Overcoming Anxiety

May 15, 2012
By , brooklyn, NY
“Sorry, I’m having an anxiety attack, could you give me a minute?” Try uttering those words in front of a crowd of peers during an episode. What seems to be almost impossible, saved me from what could have been catastrophic. I would avoid crowded places, so logically school time would be absolute torture. In an idealistic world, I would be allowed to stay home with a collection of cats and only face others to receive packages in the mail. Don’t get me wrong, I don’t hate people, nor do I have such severe social anxiety disorder. But moments do tend to occur when my anxiety gets bad. Moments when my voice get shaky, my palms sweat up, and I'm lost for both words and air. A week ago I was forced to face a large amount of kids during this horrendous time of the day, more formally known as lunch time. Close friends invited me to sit with them, I agreed, already predicting what horrible outcomes may surface. I sat down quietly, not saying a word since I wasn’t familiar with much of the people around me. They begin including me in their conversation and a storm of panic took over my mind. They kept on talking. Everything was so fast paced and all of a sudden a girl is shoved into me. “I’m so sorry, my bad!” she said, as she laughingly walked away with her friends. Another student seems to be laughing hysterically several tables away. How am I aware of all of this? How is everything going so fast paced yet I am still over analyzing details that happened minutes ago? Whats going on, why are they laughing? Am I part of this discussion? Are they talking about me?
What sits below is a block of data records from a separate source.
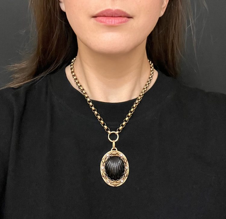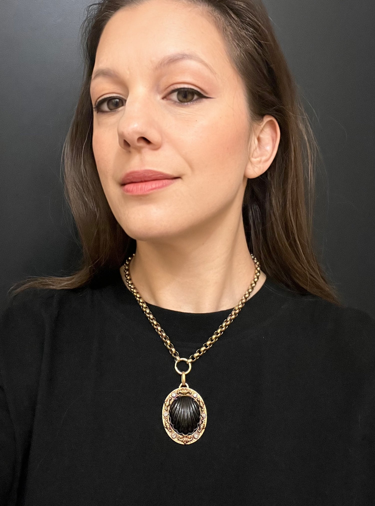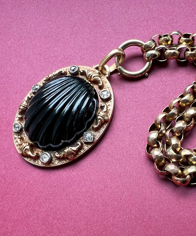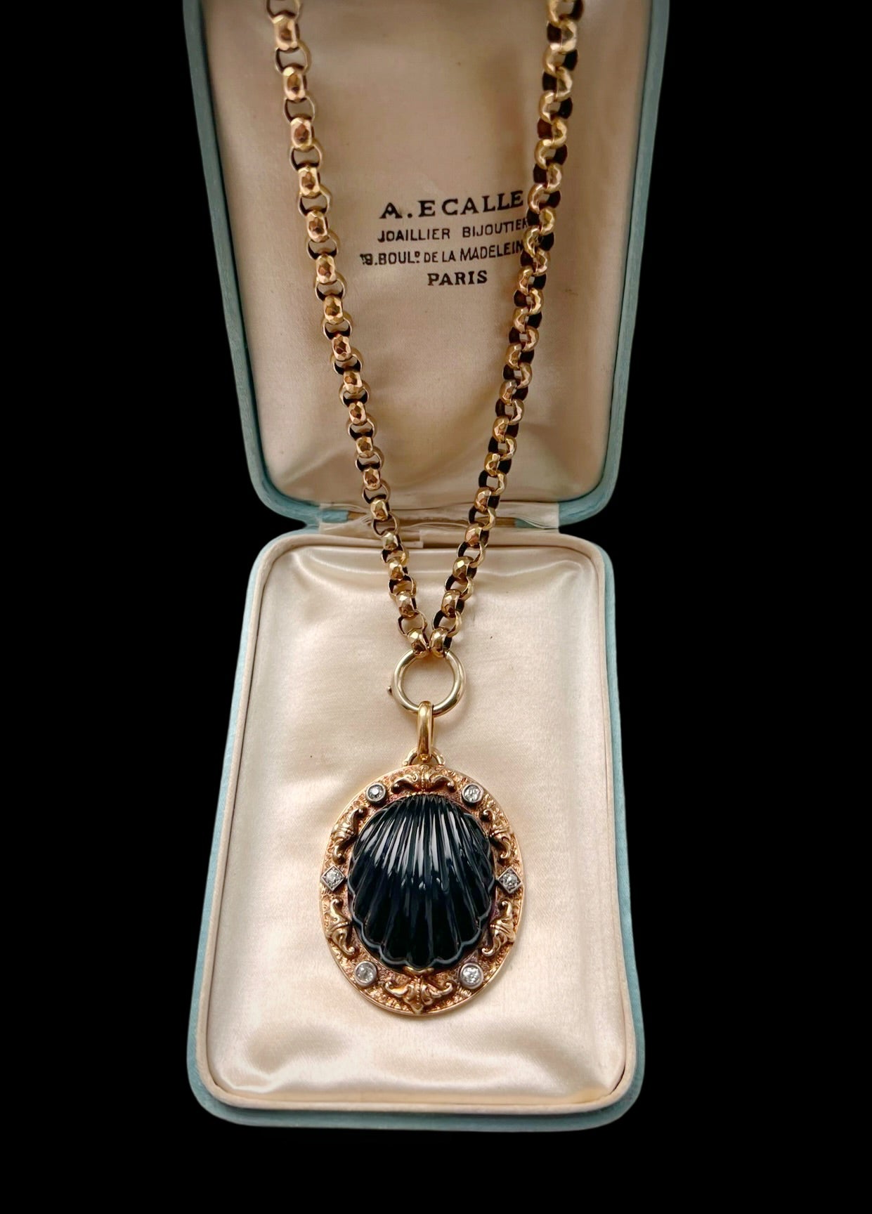The reverse of the pendant is so charming, it has a beautiful shell design carved into the gold.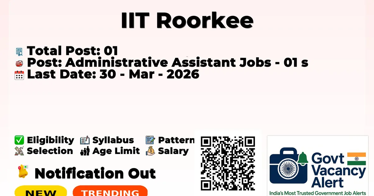 The Indian Institute of Technology Roorkee (IIT Roorkee) has officially released the notification to fill the vacancies of 01 Administrative Assistant Posts. Interested and eligibile candidates can use this opportunity to apply for these posts before the last date of application. Candidates who have completed any degree can apply for the IIT Roorkee Jobs 2026. The interested applicants can attend the walk-in interview. Here we have mentioned the education details, age limit, selection process, application fee, salary, and how to apply for these posts before the deadline. The application dates have already begun.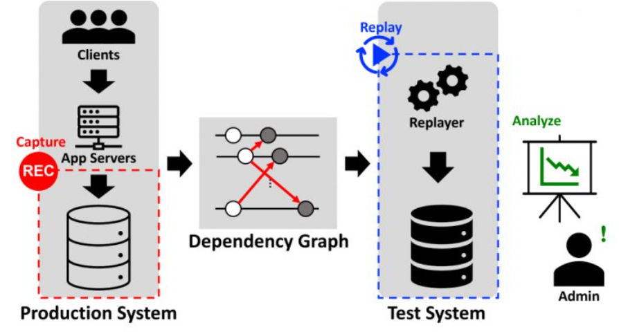 데이터베이스 재생 시스템은 프로덕션 환경에서 데이터베이스 워크로드를 수집하고 테스트 환경에서 재생해, 소프트웨어 및 하드웨어 변경에 따른 성능 변화와 버그를 프로덕션 시스템에 영향 없이 검사한다. 데이터베이스 재생 시스템은 워크로드 내 각 요청(request)의 재생이 수집 시와 동일한 결과를 내도록 보장하기 위해 의존성 그래프(dependency graph)를 생성하는데, 이 그래프는 각 요청을 정점으로, 의존성이 있는 두 요청 간의 선후 관계를 간선으로 나타낸다. 그러나 기존의 방법은 각 요청마다 다른 요청들을 탐색하여 간선들을 생성하는데, 최악의 경우 워크로드 내 요청 수의 제곱에 비례하는 시간을 소모하여, 워크로드 수집에서 재생으로 이어지는 전체 과정에서 병목을 유발한다. 또한, 이렇게 생성되는 간선의 대다수는 중복 간선(redundant edge; 제거하더라도 다른 경로에 의해 선후 관계가 지켜지는 간선)이기 때문에, 워크로드 재생 전 이들을 제거하는 값비싼 전이적 축소(transitive reduction) 과정의 비용을 증가시킨다. 따라서 시간에 따라 변화하는 워크로드를 지속적으로 수집하고 신속하게 재생하여 테스트하기 위해서는, 중복 간선이 적은 간결한 의존성 그래프를 효율적으로 생성할 필요가 있다.

Why can’t I hear them? I suddenly realize my thoughts are covering the sound of the cafeteria. My friend taps me on the shoulder with an uncomprehending browed expression. I feel sick to my stomach as I finally force myself to announce that I am having an anxiety attack. Blank expressions then grow to comfort me. See afterwards, I was aware that my only option at that moment was the proper thing to do. Not everyone will be as accepting as my friends were, no. But opening yourself up to others and letting your anxiety be real, that’s the first step to getting over it. No amount of pills and therapy will be the equivalent of having real people in your life get what you are going through and help you with it.